При помощи диалога личность соединяется с вечностью. Пример: Платон, Достоевский, Паскаль, царь Давид. Его «Псалмы» рождены его прелюбодеянием. Это отчаянная исповедь, полная раскаяния и в то же время радости жизни, опять же данной Им – диалог с Ним. И настолько велик и неисчерпаем этот диалог, что стал откровением любого человеческого существа во все времена и на всех языках. Жажда жизни прорывается сквозь мольбу о прощении, но глубина раскаяния не вызывает сомнения в своей искренности. А то, что это царь, – у евреев не воспринимается, как нечто особенное. Это какой-то не такой царь. Он царь, что ли, в необыкновенном человеческом понимании, с первого момента, когда юношей-пастухом приходит к братьям в военный лагерь и как бы ненароком, но уверенно убивает Голиафа.

Если видеть язык как завершенный в себе феномен, то – мертвый, безмолвный – он оживает в говорении. Такое событие произошло с древнееврейским языком, ожившим заново. Именно он возродился в отличие от двух других великих языков древности – греческого и латыни, замененных новогреческим и итальянским. На примере иврита особенно видно, как язык заново порождает нацию, ее каждодневное бытие, вещи и события.

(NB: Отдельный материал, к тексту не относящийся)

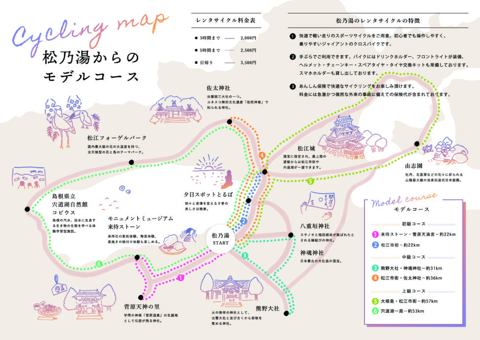【玉造温泉】松乃湯様 サイクリングマップ制作 旅館周辺をレンタサイクルで周遊する、 A4サイズのサイクリングマップを制作させていただきました。 制作 / イラスト、デザイン 投稿先 イラスト, イラストマップ, 紙のデザイン ← 過去の投稿へ 次の投稿へ →

И все, скрытое в книгах на этом языке, растасканное переводами на языки всех наций мира, внезапно вернулось к своему первоначальному истоку. Древнееврейский язык – иврит – показал свой великий нрав одного из изначальных языков человечества, несущих тысячелетия в своих словах-сотах.

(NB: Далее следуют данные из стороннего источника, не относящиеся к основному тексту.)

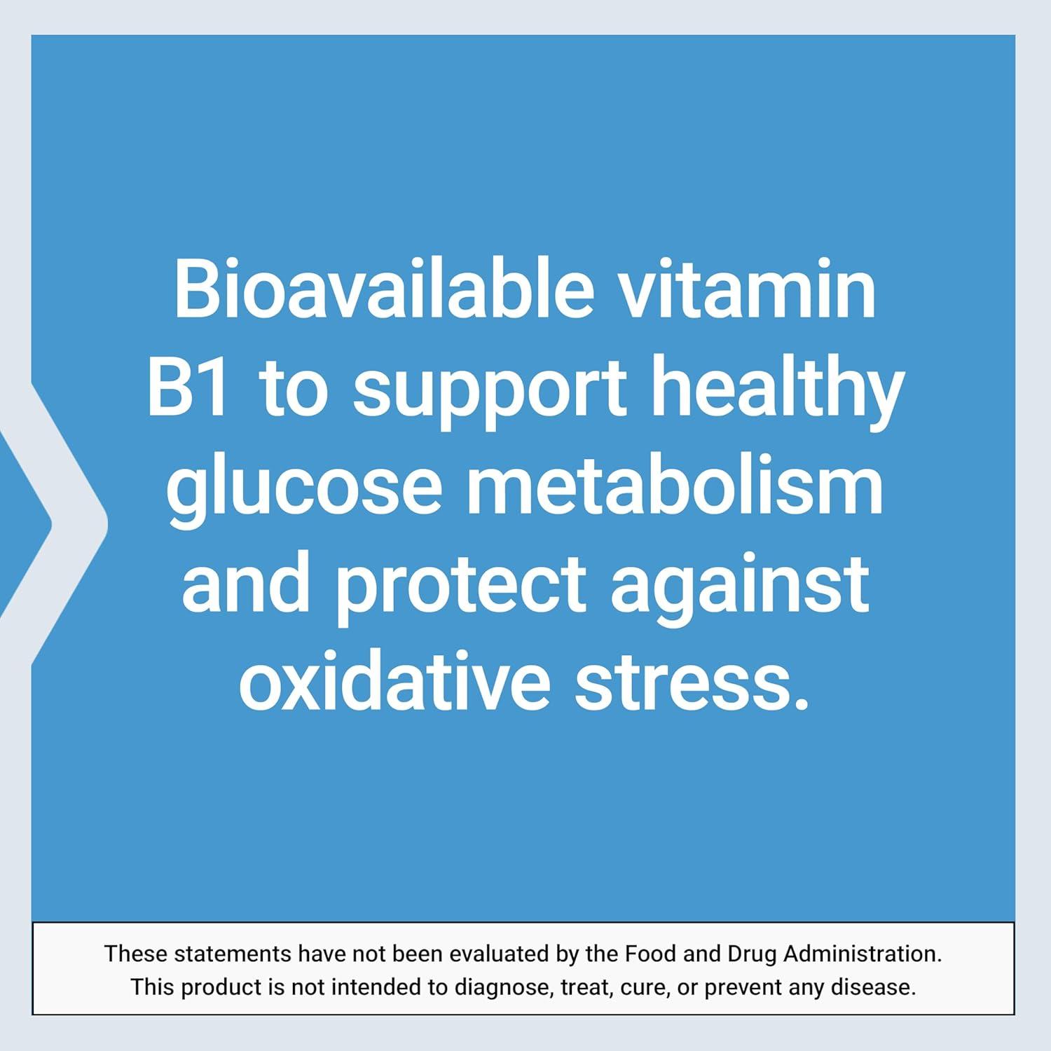 Bioavailable vitamin B1 – Thiamine is vitamin B1. Benfotiamine is a fat-soluble form of vitamin B1, which makes it more bioavailable. Benfotiamine has been shown to support thiamine levels faster and longer than thiamine.

Это трудно осознать. Да и не нужно. Феномен «малого народа», давшего великий язык, подобен феномену большого взрыва из малой точки».

При словосочетании «малый народ» в аудитории прошел негромкий гул. Неожиданно для всех это понятие, введенное математиком Шафаревичем в самом отрицательном смысле, обрело положительное звучание.

Орман продолжал:

«Величие языка еще и в его отъединении, в создании зазора, в умении стать самостоятельным феноменом. Да, так он теряет свою «почвенность» и тут же воруется всеми, оттесняющими его самого.

Думаю, многие из лингвистов, сидящих в зале, чувствовали это в своей жизни, когда кто-то выдавал их мысли за свои. В такие минуты остается только онеметь или заикаться от удивления. Но эти воры быстро вянут, ибо неоригинальны, вторичны и, главное, не могут продолжить мысль.

Язык же, как и оригинальное творчество – судьбоносен. Можно ими манипулировать какое-то время, но все это облупливается, как бездарная штукатурка, под которой обнаруживается истинная колонна или арка.

Истинное в языке и творчестве в сущности своей архитектурно. Всякая фальшивая надстройка обрушивается».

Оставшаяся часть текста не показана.